Ford wants to cut taxes but he will encounter a similar problem in this field. Ontario taxes are already relatively low. It is an imperfect measure but the tables below does give you some idea of Ontario's position. Ontario has among the lowest tax revenues among Canadian provinces relative to the size of its economy. There are many who incorrectly perceive Ontario as a high spending, high tax province. The numbers say otherwise.

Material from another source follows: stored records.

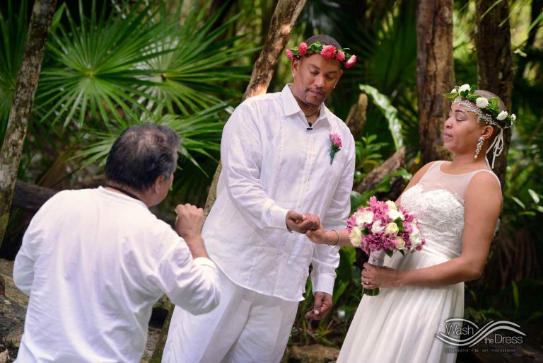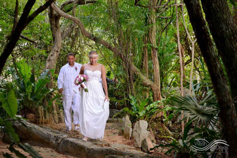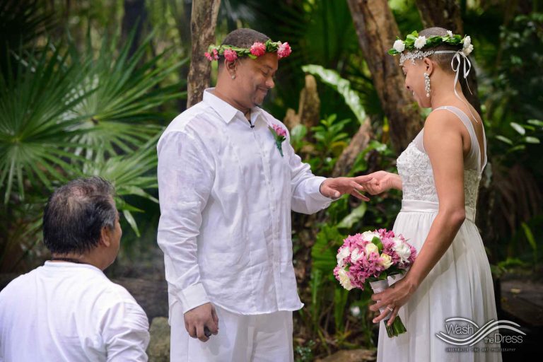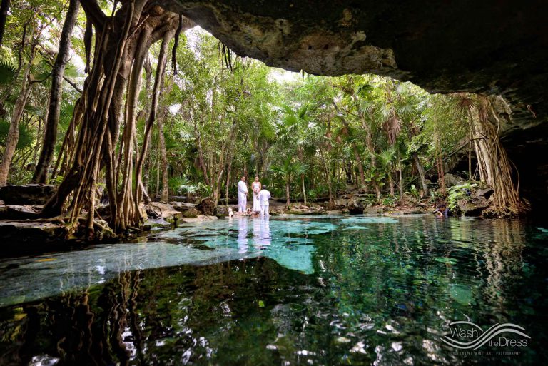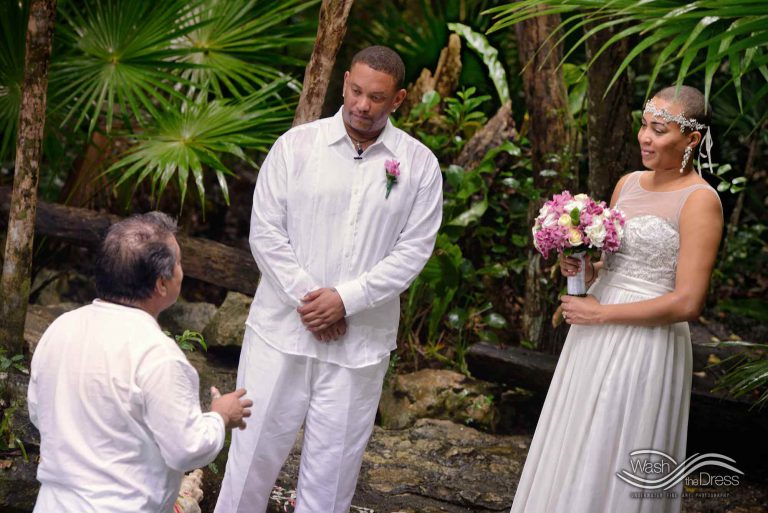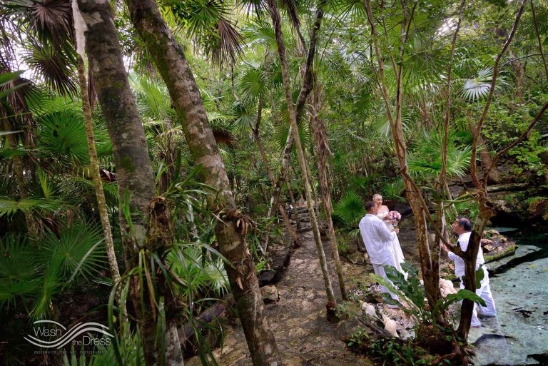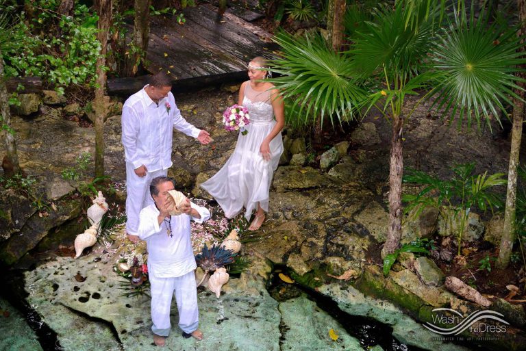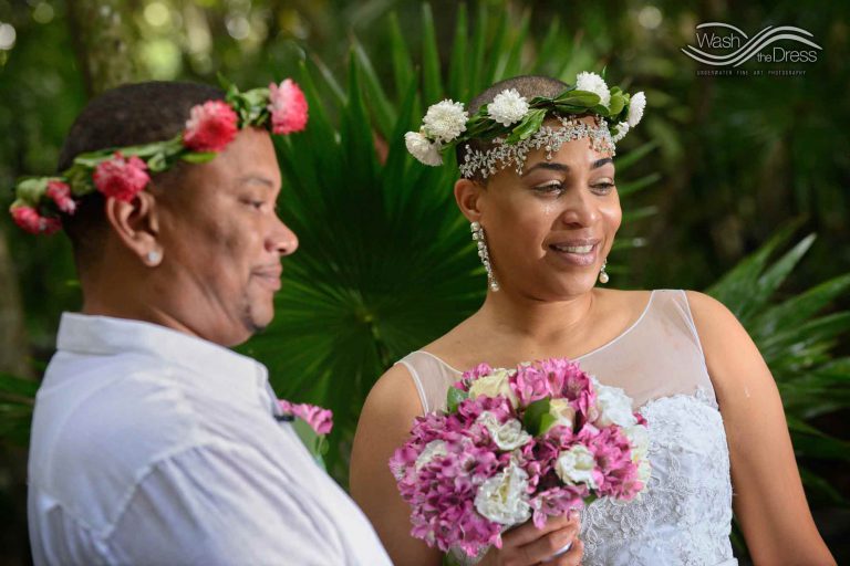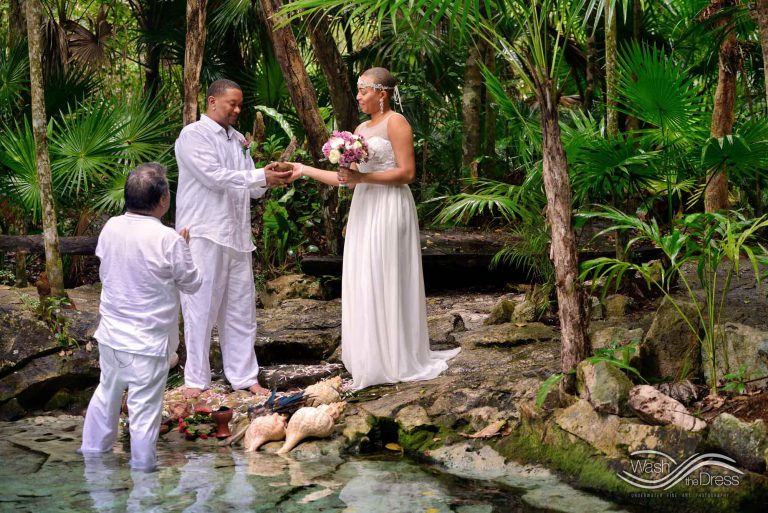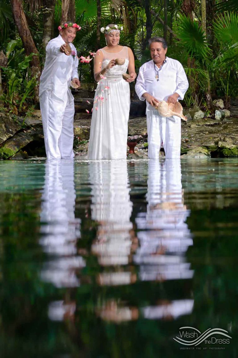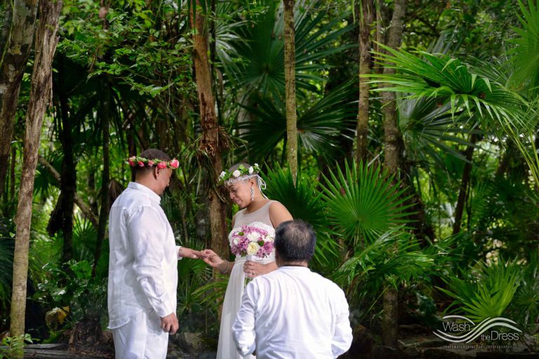 Shareefah and Victor came to Cancun to get married at an intimate ceremony at a cenote. The ceremony was conducted by a Maya shaman. A ray of sunlight passed between the trees during the ceremony and shone directly on the couple – it was a magical moment in the heart of the Mexican jungle. Of course, after the ceremony we also did a photo shoot in the waters of the cenote.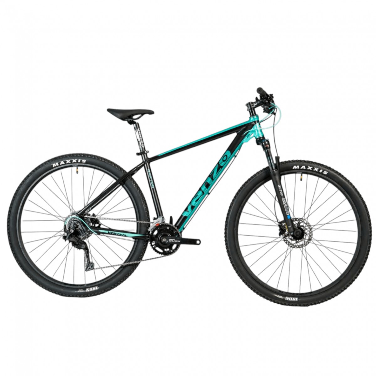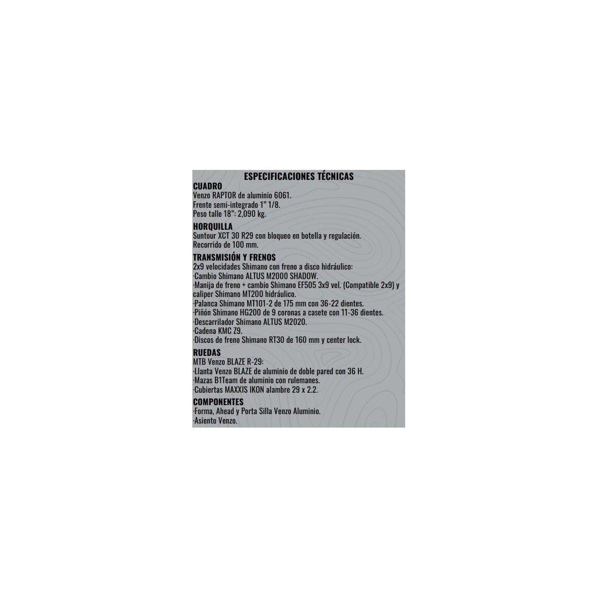 En esta oportunidad Venzo nos acerca una nueva versión de su VENZO RAPTOR rodado 29, con transmisión Shimano Altus, biplato Shimano y piñón Shimano de 9 coronas (18 velocidades totales). Viene equipada con cubiertas Maxxis Ikon 29x2.10 , y aros de doble pared de aluminio, junto con un juego de mazas de aluminio a rulemanes, deal para aquellas personas que se animan a un poco más que andar por el asfalto y ya elijen recorrer caminos rurales o terrenos más exigentes. Los cuadros de esta nueva Venzo Raptor, brindan una línea de colores renovada, con terminación metalizada, letras con acabado pulido, y diferentes colores en sus detalles, además de tener cableado interno. En los controles trae shifters Shimano EF505, frenos hidráulicos Shimano MT-200, con discos Shimano RT-26 de 160 mm. La amortiguación es marca Sr. Suntour con regulación y bloqueo a la botella de la horquilla .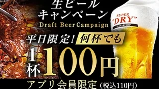 得情報7月27日から牛角でアプリ会員平日限定 中ジョッキ605円が何杯でも1杯につき110円。他キャンペーン併用攻略技。 7月27日から牛角でアプリ会員限定でアサヒスーパードライ 中ジョッキ550円(税込605円)が、何杯でも1杯につき100円(税込110円)のキャンペーンが開催。 また、ホットペッパー予約キャンペーンを利用した併用技も紹介。2023.07.30得情報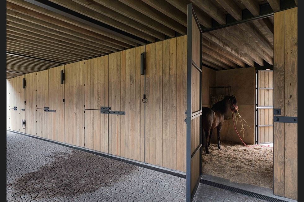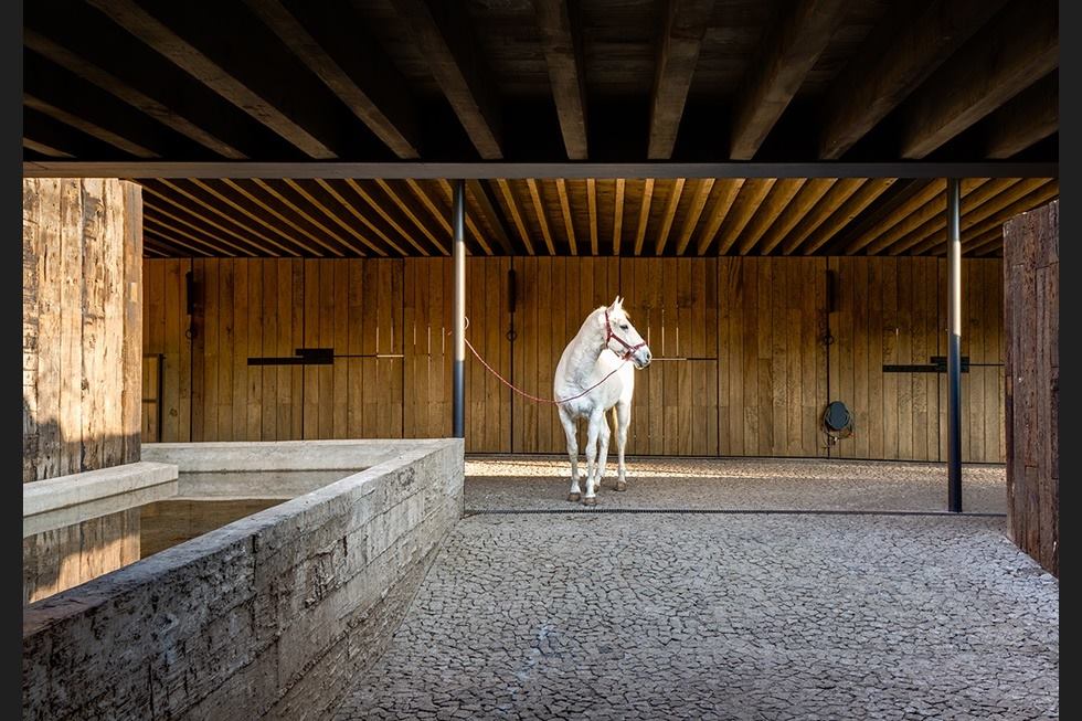 En las imágenes se pueden observar amplias instalaciones con terminados de madera y varios caballos, así como un lienzo.

Ontario is consistently eighth or ninth on this score. It is not surprising that former PC leader Patrick Brown supported a carbon tax despite its unpopularity among rank and file Conservatives. He understood that Ontario needed the revenue, something Ford hasn't figured out yet. He is in court arguing the federal government does not have jurisdiction to levy a carbon tax, an effort doomed to failure.
Ford's weakness in the polls was already evident earlier this year. The PCs did better in the polls on average before the election call than after.
The reality is that for the Ontario PCs Ford is a liability and not an asset.
If one examines both the vote overall and among Ontario regions we find that the Ontario NDP gained more support in 2018 in most regions compared to 2014 than did the Conservatives. There were two exceptions - 905 North, the affluent suburbs north of Toronto, and Northern Ontario, where the NDP was already strong in 2014.
Had the PCs stuck with Patrick Brown or selected Christine Elliott winning additional terms would seem likely at this point, not so with Doug Ford.
Already journalist Stephen Maher is speculating in Maclean's that Ford may be leading a one term government. One can only hope his career arc follows that of Alison Redford, whose caucus forced her out as Alberta Premier two years after her PCs won a majority election victory.